DISTRIBUTION (fig. 31): Most of the Amazon basin in Brazil, west of the Rio Tocantins. Although we have not examined specimens from several populations in the Guiana Shield countries, there are known records of the species in Colombia, Venezuela, Guyana, Surinam, and French Guiana ( Barrio-Amorós and Schargel, 2003; Rodrigues et al., 2004a). Possibly present in Peru, although we are unaware of any records.

Chiasmocleis magnova Moravec and Köhler, 2007 View in CoL Figures 32 View Fig , plate 6G–H

Syncope magnova: ( de Sá et al., 2012) View in CoL .

HOLOTYPE: MHNSM 19993 View Materials , not examined.

TYPE LOCALITY: The type locality is 31 km on the road from Iquitos to Nauta, ca. 40 km straight SW of Iquitos (04 ° 009 S, 73 ° 269 W), Departamento Loreto, Peru.

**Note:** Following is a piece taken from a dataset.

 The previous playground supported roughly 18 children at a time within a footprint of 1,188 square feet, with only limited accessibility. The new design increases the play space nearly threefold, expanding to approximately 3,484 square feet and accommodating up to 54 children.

DIAGNOSIS: A small species for the genus; SVL in females 16.7–18.3 mm ( Moravec and Köhler, 2007). We had no access to male specimens. Body slender, snout rounded in dorsal and lateral views. FI much reduced without subarticular tubercle, tip slightly pointed; FII and FIII well developed with hardly visible subarticular tubercles, one on FII and two on FIII; FIV reduced, without subarticular tubercles; fingers only slightly fringed according to Moravec and Köhler (2007), not fringed in the sole specimen examined (AMNH 103550); palmar tubercles not present; relative finger lengths I,IV,II,III. Five distinctive toes present; TI reduced, tip does not reach tubercle of TII by a wide margin; toes only slightly fringed, not webbed; tips of TI pointed, TII–IV rounded with terminal discs present. Relative toe lengths I,II,V,III,IV. Dermal spines present on dorsum, posterior surface of thighs, toes, and tarsus; absent on fingers. No femoral stripe present. Venter (belly and undersurfaces of thighs) beige with small light spots. Few large unpigmented eggs ( Moravec and Köhler, 2007).

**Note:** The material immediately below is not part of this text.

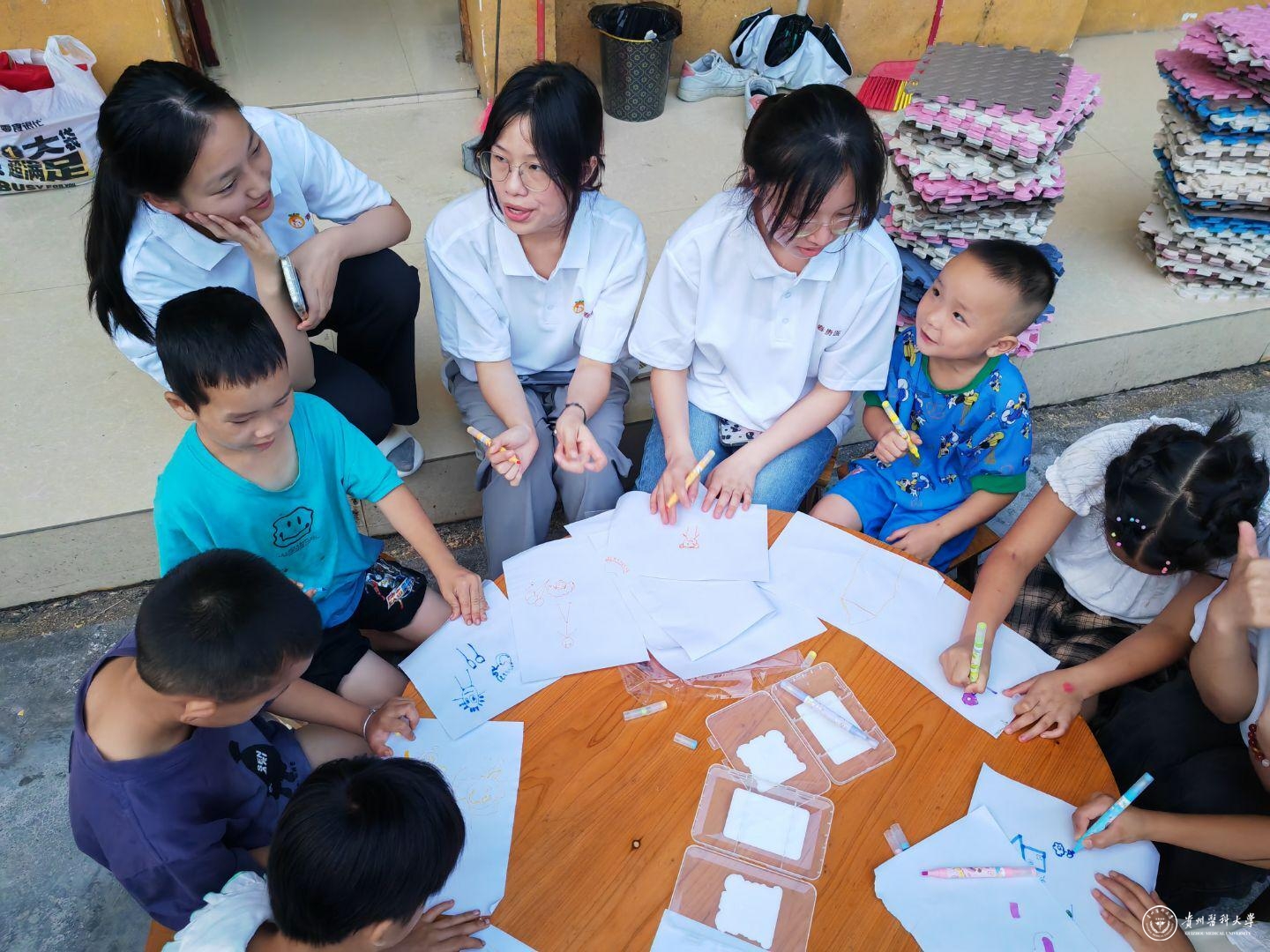 同行的温暖不止于书本。在南桥村,队员们与留守儿童围坐倾谈,倾听他们的心愿与期盼,并与孩子们合影,用镜头定格下青春与童真的美好瞬间。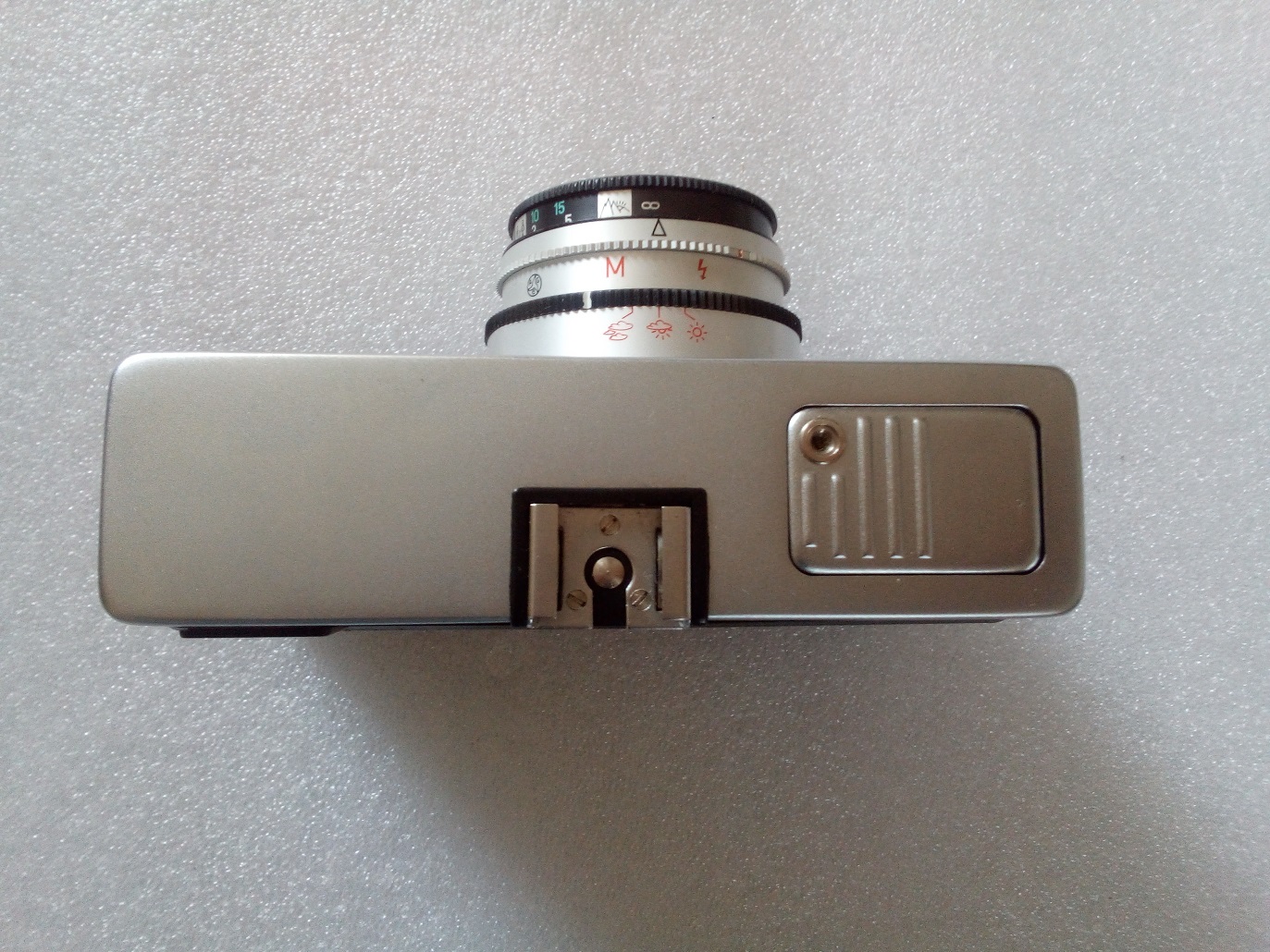 große Auslösertaste mit Drahtauslöseranschluß, Blitzschuh mit Mittenkontakt (im Blitzmodus 1/30 sec), Schnellspannhebel, Filmzählwerk (springt beim Öffnen der Rückwand automatisch auf "Pfeil"), Filmmerkscheibe, Stativgewinde, Rückwand mit Filmandruckplatte

CALL AND TADPOLES: Unknown.

REMARKS: Moravec and Köhler (2007), when describing the species, suggested that this species might be associated with the genus Syncope (all former members of Syncope are now included in our Chiasmocleis hudsoni clade). This was based mostly on the basis of the presence of few large eggs (a condition also present in Syncope: Krügel and Richter, 1995 ; Silva and Meinhardt, 1999) and the significant digit reduction.

In our analysis, the sole specimen of Chiasmocleis magnova (sequence from de Sá et al., 2012) is well supported as the sister to a clade containing C. antenori , C. carvalhoi , and C. tridactyla while they all form the sister clade to C hudsoni plus C. haddadi , sp. nov. Studies on the ecology of C. magnova can provide useful insights on the evolution of the group as a whole, as it seems C. magnova can be a transitional form between the more general Chiasmocleis body plan, and the miniaturized C. antenori , C. carvalhoi , and C. tridactyla .

DISTRIBUTION (fig. 27): Known from the vicinities of the type locality, in Iquitos, Departamento Loreto, Peru.